While spending time at the Austin Resource Center for the Homeless, or ARCH, he encountered a number of people strung out on a dangerous synthetic drug called K2 that dealers have been pushing on vulnerable homeless people. The effects of smoking it can cause users to go into a zombie-like state, which can be followed by convulsive seizures and even death. “I think four people died this past week down there as a result of that drug,” Graham says. “I’m told there’s now about twenty or twenty-five EMS calls there a day, which is unbelievable. I had one woman drop right in front of me, so that was pretty wicked to watch.”

It is all in a day’s work for Graham, who has recorded his life’s work in the new book Welcome Homeless: One Man’s Journey of Discovering the Meaning of Home, published by Thomas Nelson, a Christian-themed imprint of Harper Collins. Written in partnership with Lauren Hall, the book unfolds with the story of how Graham got into this line of work. The many meanings of “home” are explored in the remaining pages, featuring profiles of ten homeless people, or couples, with whom Graham forged friendships.

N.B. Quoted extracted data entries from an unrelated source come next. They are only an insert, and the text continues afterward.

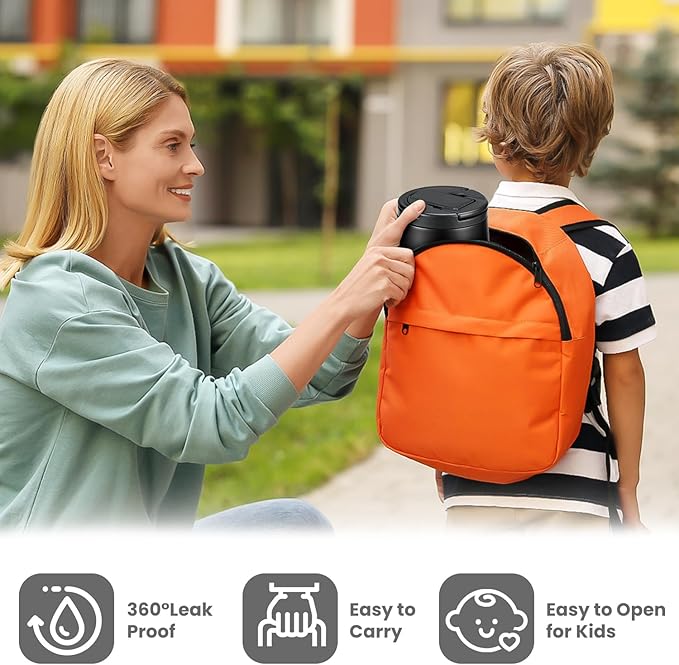 • 100% Leak Proof Design: our food thermos comes with a thick silicone gasket. You can put it into your lunch bag without worrying about spillage. The insulated thermal food jar comes with a stainless steel spoon, convenient for your child to use during lunch.
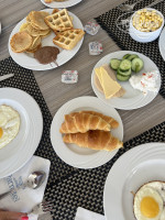 Утром каши, очень кучные оладушки и вафли ( с настоящими шоколадом) много печеного и конечно омлеты .
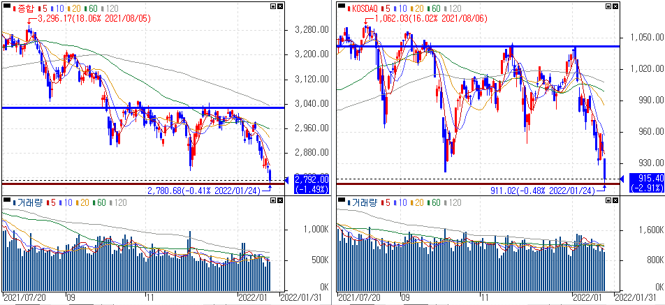 금일 코스피 지수는 -1.49% 하락한 2,792.00에 마감하였고, 코스닥 지수는 -2.91% 하락한 915.40에 마감하였습니다. 美 FOMC 앞두고 Fed의 통화긴축 불안감에 하락폭을 보였습니다.
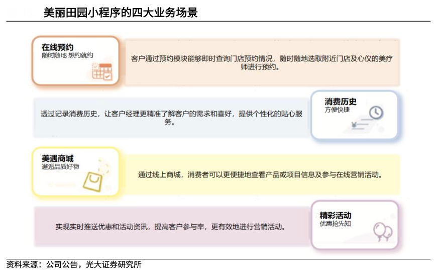 經(jīng)典案例:根據(jù)公司公告、光大證券研究所等綜合資訊表明,2022年美麗田園公司的數(shù)字化建設(shè)在門店運(yùn)營(yíng)管理系統(tǒng)、美田在線小程序、企業(yè)微信客戶管理等 10 個(gè)重要方面實(shí)現(xiàn)了研發(fā)迭代。2020 年初公司即上線了小程序,覆蓋在線預(yù)約,消費(fèi)歷史、美遇商城與精彩活動(dòng)四大業(yè)務(wù)場(chǎng)景,實(shí)現(xiàn)顧客在線預(yù)約和消費(fèi)的閉路循環(huán),讓消費(fèi)者更便捷了解美麗田園服務(wù)信息。通過(guò)完善的數(shù)據(jù)系統(tǒng),截至 2022 年末,公司已積累 96 項(xiàng)客戶的標(biāo)簽。
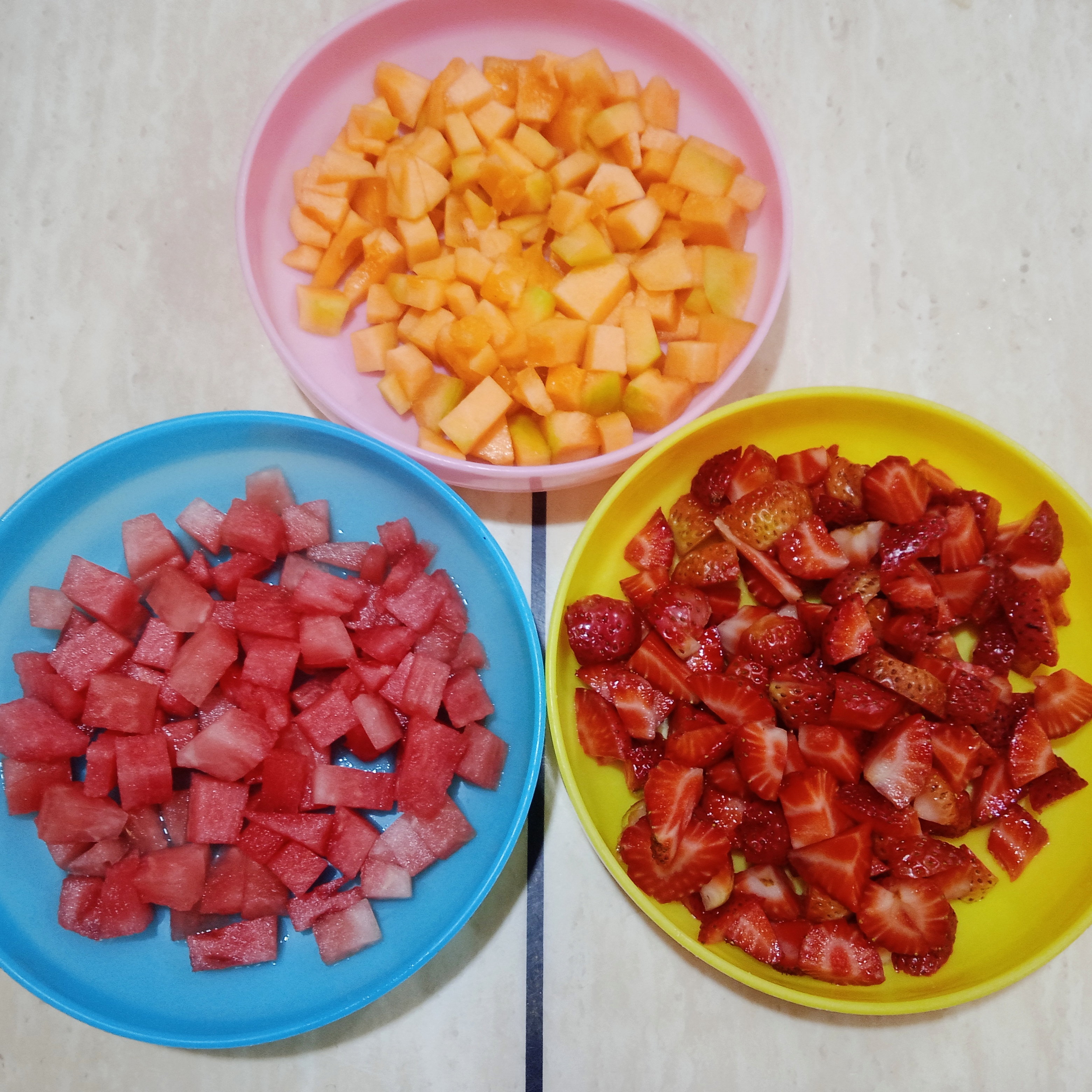 ✓ Cortamos cada una de nuestras frutas; procura realizar cortes del mismo tamaño. Aquí puedes jugar con la creatividad y utilizar cortadores.

Chief among them is the late Houston Flake, a custodian at St. John Neumann Catholic Church, where Graham and his friends conceived the idea for Mobile Loaves & Fishes. Graham and crew were clueless about what they were doing, so they approached Flake, an illiterate former drug addict and convicted felon who had been chronically homeless before. Flake was enthusiastic about helping and became their gateway to the streets. “What was powerful about my relationship with Houston is that he was so generous,” Graham says. “His dying wish was to take four hundred popsicles into the projects in Austin and give them out to the little kids. But he never got well enough to do that. He’s the one guy on the planet that, to me, represented who Jesus Christ is.”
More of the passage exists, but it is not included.